I went into the kitchen and raided my parents' liquor cabinet. I knew I'd be scolded tomorrow but I didn't care. I pulled out a bottle of firewhiskey near the back and opened it. I didn't even bother with a glass, just poured the burning liquor down my throat. I continued to do that until I could no longer feel any pain.


***Scorp's POV***


Once I dragged myself out of the forest, I went to my room. Luckily, my family wasn't around so I didn't have to deal with their questions. I took everything I had from our relationship and locked them in the bottom door of my nightstand. Any reminder of him hurt too much. I magicked the curtains shut and buried myself in my bed. It didn't take long to fall into an uneasy sleep.


****


I woke up to the sounds of someone stumbling around downstairs and then my name. It was Al. I hid my head under my pillow. I didn't want to see him right now.
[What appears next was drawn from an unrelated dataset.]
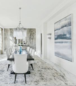 In other projects, accessories can define the mood and introduce color within a neutral backdrop. Susan Semmelmann, Founder and Lead Designer of Semmelmann Interiors, used JohnRichard accents to bring personality and sophistication to a dining room and adjacent living area, balancing ethereality with structure while highlighting her client’s personality.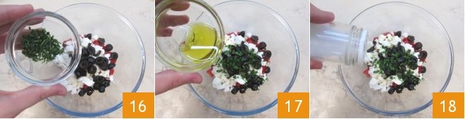 Et la ciboulette 16. Assaisonnez avec l’huile 17 et une pincée de sel 18 : il en faudra peu, car la feta est déjà très salée.

I heard a crash and then laughter. I should just send him away and get it over with. If my parents dealt with him then they'd want to come in and talk to me. That was the last thing I wanted. I walked out of my room and saw Al sprawled on the last few stairs, laughing to himself.


"What are you doing here, Al?" I asked, stopping at the top of the stairs.


Al looked up at me and grinned. "Scorp!" He said, struggling to his feet. "I knew you'd come down!"


He tried to walk up the stairs but he stumbled and fell to his knees. He started laughing again.


"Are you drunk?" I asked, baffled.


He laughed louder and put a finger to his lips. "Don't tell my parents."


I rolled my eyes and walked down the stairs. "Come on. Let me take you home."


I got to the bottom of the stairs and helped him to his feet. He draped his arms around my shoulders and his breath was foul when he said, "I was going to tell you something."


"You can tell me when you're sober," I said, dragging him toward the floo fireplace.